OnTrees's privacy policy says it will analyse your bank data "to provide information about third-party products or services that you might find interesting; and use the content to create and analyse aggregated data about their users provided that you are not identifiable from the aggregated data". Money Dashboard's privacy policy is clearer: "We also use personal information in performing statistical analysis of users' behaviour as a whole; and to help in the creation of anonymised statistical data which we may use at our discretion (including licensing to third parties)."

Charlotte Oates, marketing and communications manager at OnTrees, says her company is trying to strike a balance between providing users with a free service and generating revenue. "At the moment we're not sharing the data with anyone because we're in the early stages of our business," she tells me.

But OnTrees – which was acquired by financial service comparison site Moneysupermarket in April – might eventually leverage user data to sell financial products through Moneysupermarket, says Oates. Under this scenario, OnTrees would collect a commission on any sales leads that it might generate.
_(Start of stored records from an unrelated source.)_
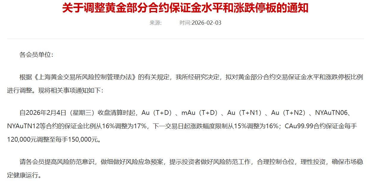 同日,上交所还发布公告称,自2026年2月4日(星期三)收盘清算时起,Au(T+D)、mAu(T+D)、Au(T+N1)、Au(T+N2)、NYAuTN06、NYAuTN12等合约的保证金比例从16%调整为17%,下一交易日起涨跌幅度限制从15%调整为16%;CAu99.99合约保证金每手120,000元调整至每手150,000元。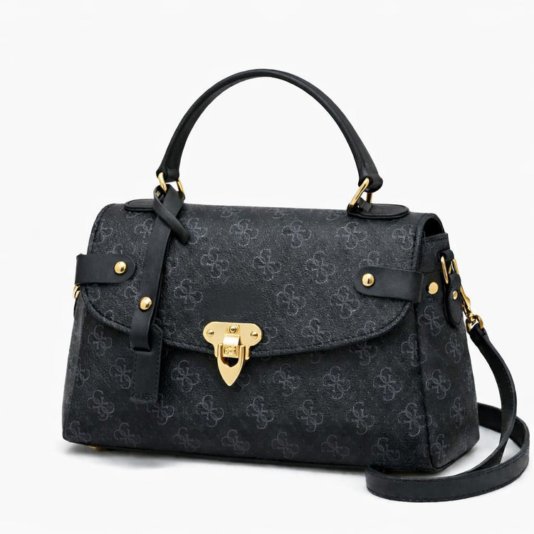 Zerva Queen Kadın Siyah Desenli El & Omuz Çantası- Şık Kilitli Günlük Çanta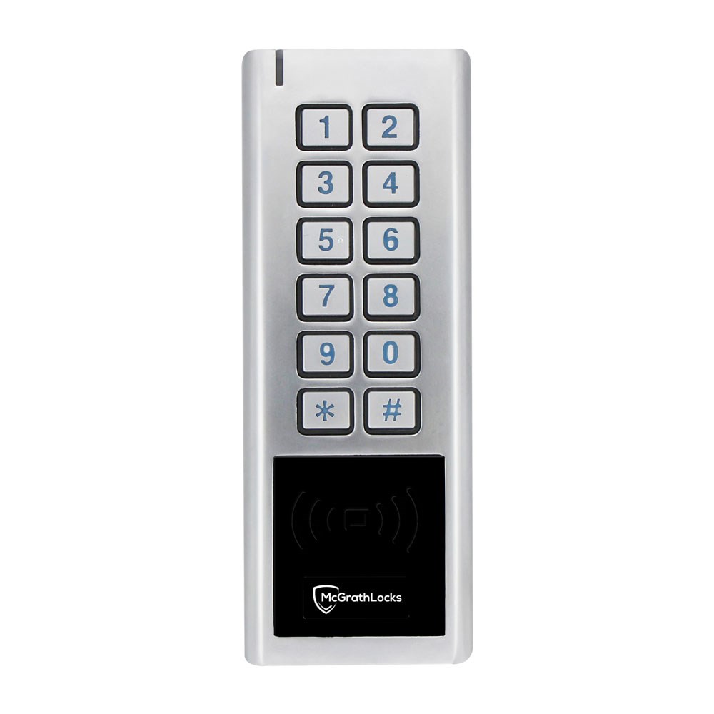 McGrath Locks RBB56 Wireless Battery Powered Keypad, RFID and BLE, Metal Construction, IP65 Rating, Requires 3 x AAA Batteries (not included), Silver Finish, Supplied With 2 x Fobs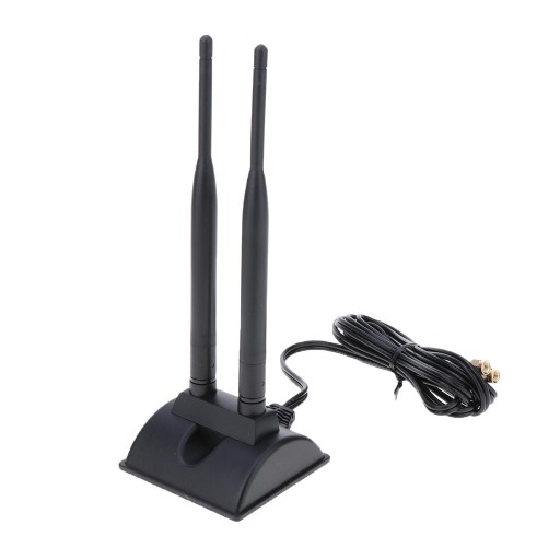 Złącze antenowe: Podwójne RP- z wtykiem żeńskim; Wysokość anteny: 7 "(nie obejmuje podstawy); długość przedłużacza: 200 cm/6,5 stopy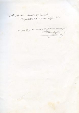 In-4°, pp. 15, brossura editoriale grigia. Ottimo stato. Dedica autografa del Massarani a Benedetto Cairoli: 'All'Illustre Benedetto Cairoli Deputato al Parlamento Nazionale in segno di grato animo e di affettuosa reverenza Tullio Massarani'. Edizione originale di questo lungo componimento poetico. Il Massarani (Mantova, 1826-Milano, 1905) fu fecondo poligrafo, artista (fu pittore di buona mano, allievo in gioventù di Domenico Induno) e patriota. Esule dal 1848 al 1850 per aver preso parte alle cospirazioni antiaustriache del Risorgimento lombardo, collaborò al 'Crepuscolo' di Carlo Tenca, facendosi sulle sue colonne primo divulgatore italiano delle opere di Heine. Deputato al Parlamento per tre legislature, senatore dal 1876, nel 1878 venne nominato (congiuntamente dal governo francese e da quello italiano) Presidente della giuria dell'Esposizione artistica di Parigi. La sua ingente bibliografia spazia nei più vari campi, dalla pubblicistica alla critica letteraria, dall'arte alla storia, etc. Sul Massarani, Croce, Letteratura della nuova Italia, V, passim.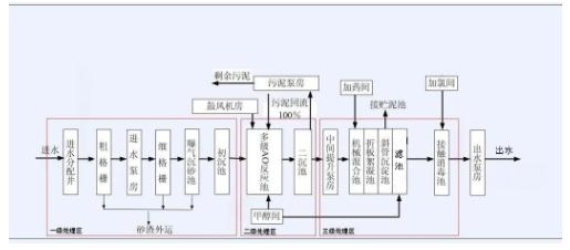 典型的污水廠處理工藝流程是上述方法的組合。以某一級(jí)a標(biāo)準(zhǔn)污水處理廠為例,從進(jìn)水到出水主要分三級(jí)處理區(qū),一級(jí)處理區(qū)主要應(yīng)用物理法(包括攔截、沉淀、除砂等)及一定的化學(xué)法(初沉池前絮凝);二級(jí)處理區(qū)是污水處理工藝核心,主要是以活性污泥為主的生化反應(yīng)(酶促反應(yīng));三級(jí)處理區(qū)主要應(yīng)用物理化學(xué)法,通過(guò)混凝、過(guò)濾、消毒等工藝手段對(duì)污水進(jìn)行深度處理。落實(shí)到具體處理工程中,各級(jí)各類技術(shù)需針對(duì)不同污染物和污染情況進(jìn)行應(yīng)用和改進(jìn)。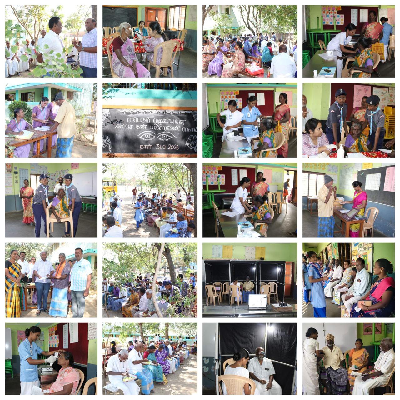 The school staff and students at St Antony's organised an eye treatment camp for people in need in the local villages in on the 31st January. People in need could attend the eye camp for free, and around 280 people received assessments and initial treatment. 20 people were then taken to Pondicherry hospital for further help. Click the image to see some of the activities in more detail.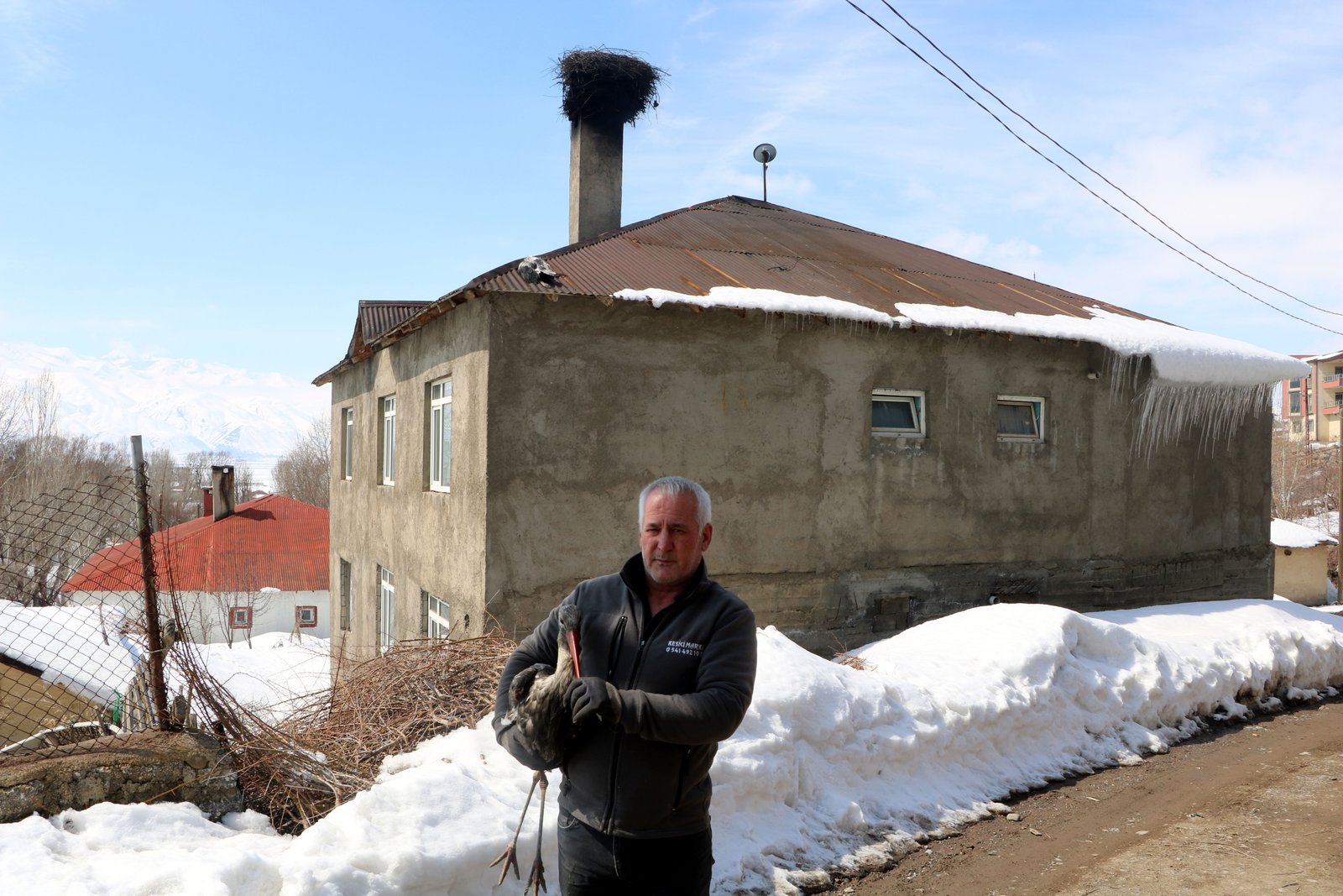 Yaşar KAPLAN/YÜKSEKOVA (Hakkari), (DHA)- HAKKARİ’nin Yüksekova ilçesinde İlhan Akış (50), karlar içinde donmak üzereyken bulduğu leyleği evine götürüp 2,5 ay sıcak ortamda bakarak besledi. Sağlığına kavuşan leylek, havaların ısınmasıyla birlikte doğal yaşam alanına bırakıldı.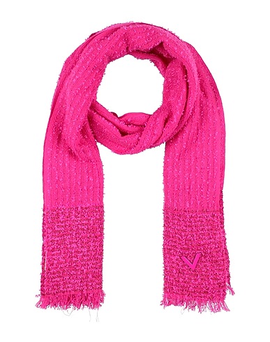scarf, knitted, metallic, lightweight knit, solid color, brand logo, fringes, dry clean, do not bleach, do not tumble dry
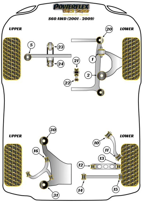 Powerflex Volvo S60 AWD (2001 – 2009) Boccola del braccio oscillante posteriore al telaio ausiliario Fig.10 (2) PFR88-605BLK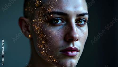 A polygonal male face with digital elements, representing a futuristic visualization of artificial intelligence and neural networks in technology.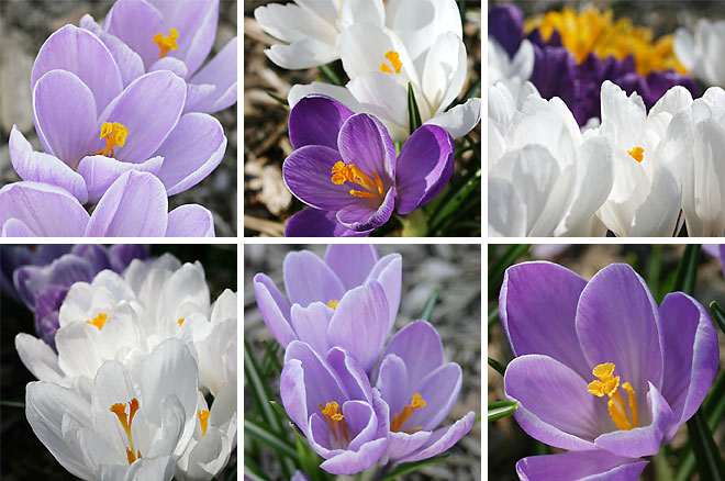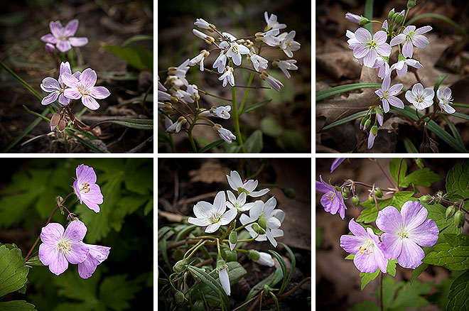 (l-r) Claytonia virginica (Spring Beauty), Cardamine bulbosa (Spring Cress), Claytonia virginica (Spring Beauty), Geranium maculatum (Wild Geranium), Claytonia virginica (Spring Beauty), Geranium maculatum (Wild Geranium)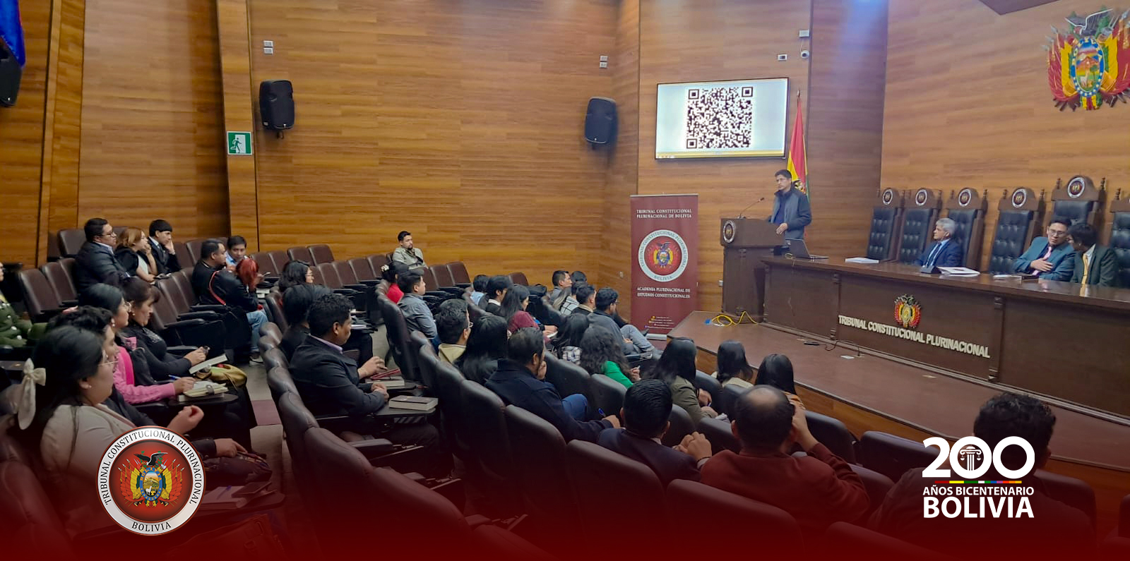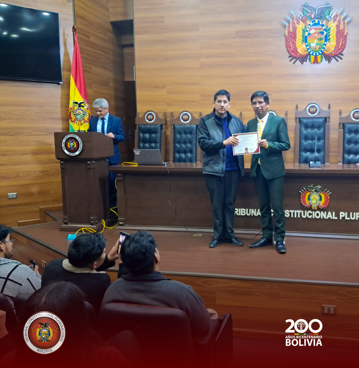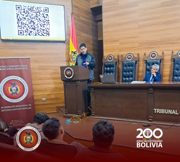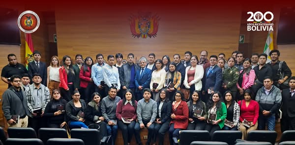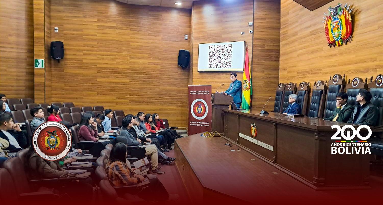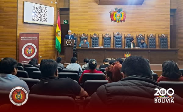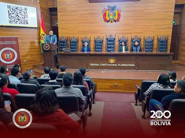 En un acto realizado en el Salón de Honor del Tribunal Constitucional Plurinacional ( TCP) , los Magistrados Edson Dávalos Rojas y Boris Arias López recibieron la visita de más de 50 estudiantes universitarios de diferentes semestres de la Universidad Privada Domingo Savio (UPDS) Sede Sucre, que llegaron acompañados del Lic. Carlos Remberto Antezana Chambi, Docente de Pregrado de dicha casa de estudios superiores.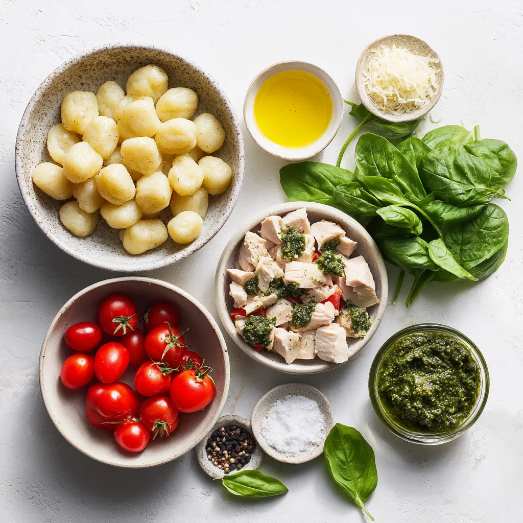 The main ingredients make this dish shine. Chicken breast gives the meal protein. Potato gnocchi adds a soft and chewy texture. Basil pesto brings vibrant flavors that tie it all together.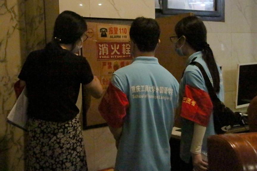 在人和街社区附近,外国语学院“三下乡”党史学习实践团成员邀请当地居民扫码关注公众号——“离退休干部”和“红岩青松”,并进行相关宣传,帮助居民进一步了解社区里的便民服务。胡辰等志愿者走访慰问社区里的独居老人,聆听小家故事,传递社区温暖。此外,刘睿等志愿者前往养老服务站,与养老服务站主任积极交流日常工作并为养老服务站做清洁。志愿者张蕾和王仁伟从人和街社区到中法学校旧址,一路共抽查了约23个人和街辖区内的消防设施,并督促消防设施不完善的商铺和楼栋加以整改。为建设绿色文明的和谐社区,党史学习实践团在街道开展卫生维护工作,主要清理烟头和白色垃圾。同时,根据检查标准对网吧进行例行检查并向居民们进行“扫黄打非”宣传和派发相关内容的宣传单,抵制有害出版物和信息。志愿者通过打电话邀请居民来参加“创建文明家庭”活动,并做好电话记录。针对居民提出的系列问题,志愿者耐心解答。志愿者冉小雪表示,这项工作难度不大,但需要我们细心、负责,我对社区工作有了更深刻的认识,体会到社区工作者的职业精神——责任意识、奉献意识、服务意识。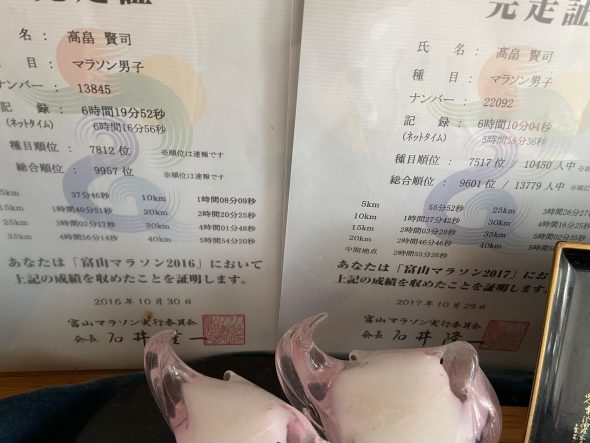 長距離をランニングする際は実家(呉羽の方)から走り出す事が多いのですが、実家の下駄箱の上にある過去の完走証2枚。。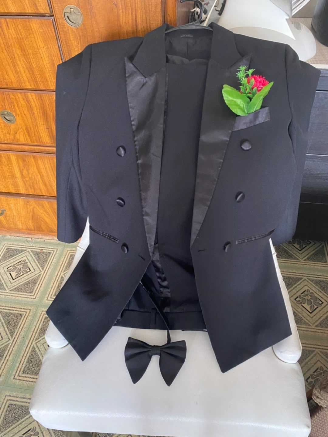 Selling a classic black tuxedo suit, perfect for formal events! Includes the jacket, pants, and a matching bowtie. The suit is in great condition and ready to wear.Only worn once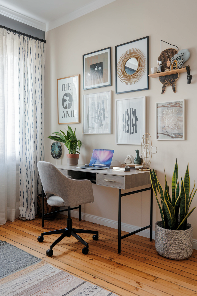 Personalizing your home office with art can inspire creativity and make the space feel truly yours. Frame a few pieces that resonate with you, whether they’re motivational quotes, photographs of places you’ve visited, or original artwork. Art adds personality and character to your workspace, making it more inviting. Opt for a gallery wall with various art pieces, or keep it simple with a few large-scale prints. Choosing art that aligns with your personal taste ensures that the space is both inspiring and comfortable.
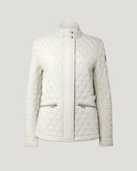 Meet the Maya jacket in Silver Birch. This women’s quilted jacket has a similar cinched and flattering silhouette to the Madison, with diamond quilting. Crafted from recycled nylon for a lightweight finish and high durability, it's a must-have piece for your wardrobe this season and beyond. DETAILS - Front zip with snap fastening placket - Adjustable tabs at waist - Hip zip pockets - Belstaff branding on left sleeve - 100% polyster (recycled) - Made in Vietnam - Dyed and woven in China - Product ref: 106200SVRBC SIZE AND FIT - Cut for a regular fit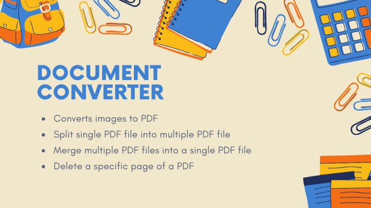 Document Converter App – Converts images to PDF (JPG to PDF or PNG to PDF), Split PDF file into multiple PDF files, Merge multiple PDF files into single PDF file.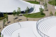 天理市的周邊地區(qū)有一些日本舊時(shí)代的墳?zāi)?,被?dāng)?shù)厝朔Q(chēng)為“cofun”。這是當(dāng)?shù)匾粋€(gè)美麗、不容錯(cuò)過(guò)的景觀,設(shè)計(jì)師希望把他們?nèi)谌氤鞘腥粘5纳羁臻g。廣場(chǎng)上景觀的設(shè)計(jì)靈感就來(lái)源于這些“cofun”,他們同時(shí)也象征著該地區(qū)特色的地貌景觀:地面環(huán)山的奈良盆地。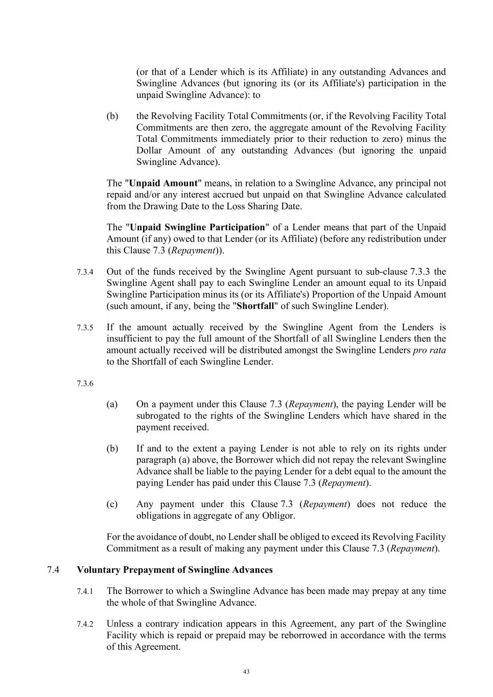 43 (or that of a Lender which is its Affiliate) in any outstanding Advances and Swingline Advances (but ignoring its (or its Affiliate's) participation in the unpaid Swingline Advance): to (b) the Revolving Facility Total Commitments (or, if the Revolving Facility Total Commitments are then zero, the aggregate amount of the Revolving Facility Total Commitments immediately prior to their reduction to zero) minus the Dollar Amount of any outstanding Advances (but ignoring the unpaid Swingline Advance). The "Unpaid Amount" means, in relation to a Swingline Advance, any principal not repaid and/or any interest accrued but unpaid on that Swingline Advance calculated from the Drawing Date to the Loss Sharing Date. The "Unpaid Swingline Participation" of a Lender means that part of the Unpaid Amount (if any) owed to that Lender (or its Affiliate) (before any redistribution under this Clause 7.3 (Repayment)). 7.3.4 Out of the funds received by the Swingline Agent pursuant to sub-clause 7.3.3 the Swingline Agent shall pay to each Swingline Lender an amount equal to its Unpaid Swingline Participation minus its (or its Affiliate's) Proportion of the Unpaid Amount (such amount, if any, being the "Shortfall" of such Swingline Lender). 7.3.5 If the amount actually received by the Swingline Agent from the Lenders is insufficient to pay the full amount of the Shortfall of all Swingline Lenders then the amount actually received will be distributed amongst the Swingline Lenders pro rata to the Shortfall of each Swingline Lender. 7.3.6 (a) On a payment under this Clause 7.3 (Repayment), the paying Lender will be subrogated to the rights of the Swingline Lenders which have shared in the payment received. (b) If and to the extent a paying Lender is not able to rely on its rights under paragraph (a) above, the Borrower which did not repay the relevant Swingline Advance shall be liable to the paying Lender for a debt equal to the amount the paying Lender has paid under this Clause 7.3 (Repayment). (c) Any payment under this Clause 7.3 (Repayment) does not reduce the obligations in aggregate of any Obligor. For the avoidance of doubt, no Lender shall be obliged to exceed its Revolving Facility Commitment as a result of making any payment under this Clause 7.3 (Repayment). 7.4 Voluntary Prepayment of Swingline Advances 7.4.1 The Borrower to which a Swingline Advance has been made may prepay at any time the whole of that Swingline Advance. 7.4.2 Unless a contrary indication appears in this Agreement, any part of the Swingline Facility which is repaid or prepaid may be reborrowed in accordance with the terms of this Agreement.

"There's a dashboard in OnTrees that shows how much money has come into your account over the last 30 days and how much has gone out," Oates explains. "If we see that over the past 90 days more money has come into someone's account than gone out, we could tell the customer 'why don't you think of opening one of these savings accounts?' That's the sort of recommendation we plan to make. But it's not something we are currently doing."

Jeffrey Chester of the Centre for Digital Democracy is sceptical of OnTrees and its parent company, Moneysupermarket. "Whatever OnTrees is saying needs to be looked at in the context of what its owner, Moneysupermarket, is actually doing," Chester says. "Its business model today might very well be narrow, but it is part of a larger financial apparatus that's designed to sell your data. These apps are digital Trojan horses. They are promising you the convenience of an effective online tool but they are really there to spy on you and engage in predatory lending practices, which the UK has a large problem with."

While apps like OnTrees remain free, the value of such companies grows with every additional bit of data they collect. And although there are not yet any global standards for attaching a monetary value to data, this seems likely to change. As a World Economic Forum report pointed out some years back: "Personal data will be the new 'oil' – a valuable resource of the 21st century. It will emerge as a new asset class touching all aspects of society."

Oates at OnTrees agrees: "Data is a huge asset right now. It's absolutely a marketable asset. When we originally set up the business we knew that the data we would be getting from our customers would be very valuable."

But she says the company risks alienating its users if it uses the data indiscriminately. "People in the UK care a lot about privacy. A lot of our customers call us to ask how we will use their data. I think there are big concerns. We're focused on growing our market and our user-base right now, before we would start challenging the privacy relationship we have with our users."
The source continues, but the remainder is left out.